But a few of them had. Alex Louise Armstrong was one of the few alchemists who had asked that same question. Strongarm was his State name, and he definitely fit the part. The man's muscles had bulged from beneath his uniform, even in those days, and the rest of his insanely muscular body had been much the same. Pink sparkles appeared at random around the enigmatic Major whenever he spouted that something – it didn't seem to matter what it was – had been passed down his family for generations.

One night around the campfire, though, the man had not seemed so enthusiastic. The Major had appeared absolutely dejected, stunned at his own actions and the incredible loss of life. The shock of the first few engagements had worn off, and Armstrong could not believe what the Amestrian army was doing. Civilians, members of their own country, were being slaughtered at the hands of the military, and it had broken Armstrong's huge heart. The next day, he had broken down completely in the middle of the battle, sobbing uncontrollably as he watched the life fade from an Ishvallan child held in his gentle arms. Armstrong had been sent back to Central after that, under guard and headed for an intense psychiatric assessment.

Maes, who had been close to doing the same, was determined not to scare his Gracia that way. Soon after hearing about the Major's fate, he had been transferred under Basque Gran, where Maes took what steps he could to avoid killing Ishvallans without being detected. He had no intention of being court-martialed for traitorous behavior, but could no longer force himself to kill innocents.

No, not kill. Murder. That's what it really was. Maes had convinced himself that it wasn't murder while he'd been doing it. It was simply killing. Had to be. Otherwise, he would have gone insane at the incredible loss of life that he was causing.

The weight that had long ago settled on Maes' heart seemed a heavier load than ever as he recalled what he had done, those years prior.

Murder.

It was a heavy word with many connotations attached to it, but even those barely touched the surface of what Maes felt. Killing was never easy, not for any sane person.

Roy didn't turn when Maes reached his side at last. Nor did he speak. Maes hadn't really expected him to. He didn't know what to say, either.

Not that they really needed words. With all they'd been through together, words weren't really necessary. Shared pain did not need to be expressed with verbal language. Could not be expressed in such a way.

The cold wind of the desert night stung Maes' face as he stared out into the darkness.

If he hadn't known better, he would have sworn that the darkness stared back in accusation.

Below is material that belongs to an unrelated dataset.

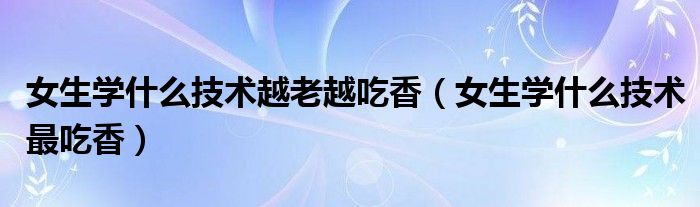 大家好,小晋来为大家解答以下问题,关于女生学什么技术越老越吃香,女生学什么技术最吃香很多人还不知道,今天让我们一起来看看吧!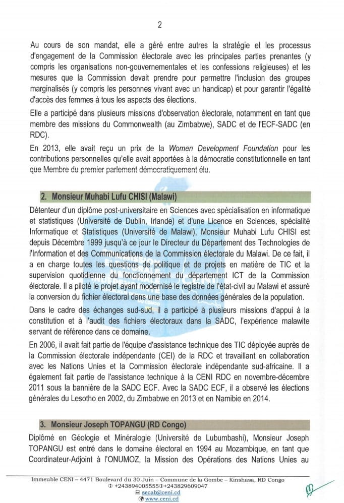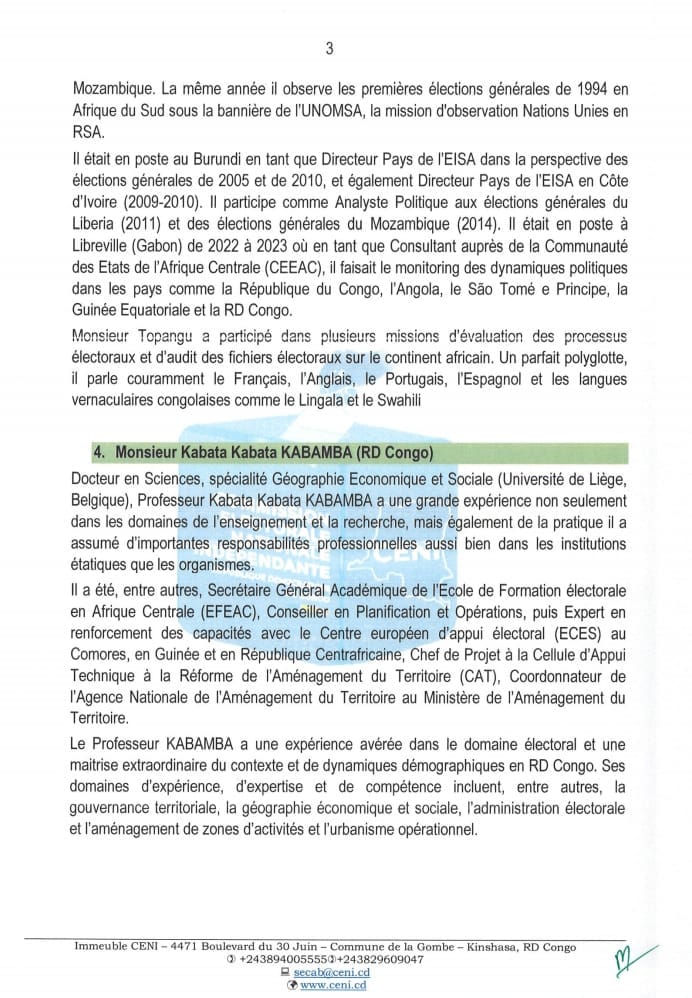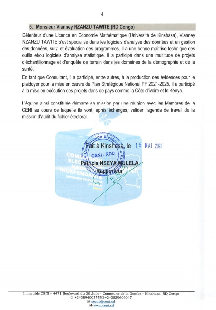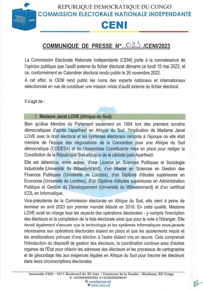 Ce lundi 15 mai 2023, la Commission Électorale Nationale Indépendante (CENI) a rendu publics les noms des experts nationaux et internationaux sélectionnés pour constituer une mission mixte d’audit externe du Fichier Électoral de la République Démocratique du Congo.

Murderer, it whispered as it lashed his face with gritty sand. Killer. You fancied yourself soldiers, but all you did was kill. You murdered my children. Spilt their blood on my sand, left them dying in agony as you pushed ever forward toward your goals. Where was your high-minded mercy, soldier? Murderers, all of you.

Maes had no rebuttal, nor did he seek one. He had accepted his fate ten years ago when he had begun supporting Roy in his bid for the Fuhrership, had come to terms with the truth of his deeds a few weeks before that. Murderers they all were, every last one of the Amestrians who had been sent to Ishval. Young and old held together as one, with no escape possible from their own thoughts and those of their comrades.

The Crimson Alchemist was the only one who reveled in his status as murderer. Had he been allowed to continue on, Ishvallans and Amestrians alike would no longer exist. Crimson didn't discriminate among his victims. As long as they were afraid of him and exploded when he wished, Crimson was perfectly content, even pleased. Thankfully for the safety of everyone in the world, Crimson had been sentenced to a life in prison. Solitary, so that he would never be able to kill another human being.

Maes shuddered at the memory of Crimson's alchemy. He didn't care how 'scientific' alchemy claimed to be. It was indescribably wrong to see a person's body explode from the inside with enough force to kill anyone else within a ten foot radius.

For a time, Maes had been afraid of all alchemists after seeing Crimson at work, an insane, happy grin upon his face as he cheerfully blew up everything and everyone he could get his tattooed palms on. No one should be able to kill another human being with a smile.

Ever.

And then he'd been sent out with different unit, one that had been thrown in with the Flame Alchemist's command for a single assault on one of the larger cities in the area. They were told to provide backup for the alchemist in charge, and admonished severely to watch for any snipers.

It wasn't until Maes was halfway through the raid that he'd realized who he had been guarding. Roy.

He'd completely forgotten that his old friend and competitor had become an alchemist of the State until he'd caught a glimpse of the Major's face. Even after the memories had crashed back into his head, it was hard to place his emotions toward Roy in the wake of Crimson's actions. Explosions were the theme of both State Alchemists' work, but Flame's were more controlled, designed to kill and destroy as quickly as could be achieved.

Most of his victims were mere ash upon the desert wind, carried with the sand to sting at eyes and nose and sear the tongue with the visceral taste of charred flesh. Just the memory of it made Maes' stomach roil in protest.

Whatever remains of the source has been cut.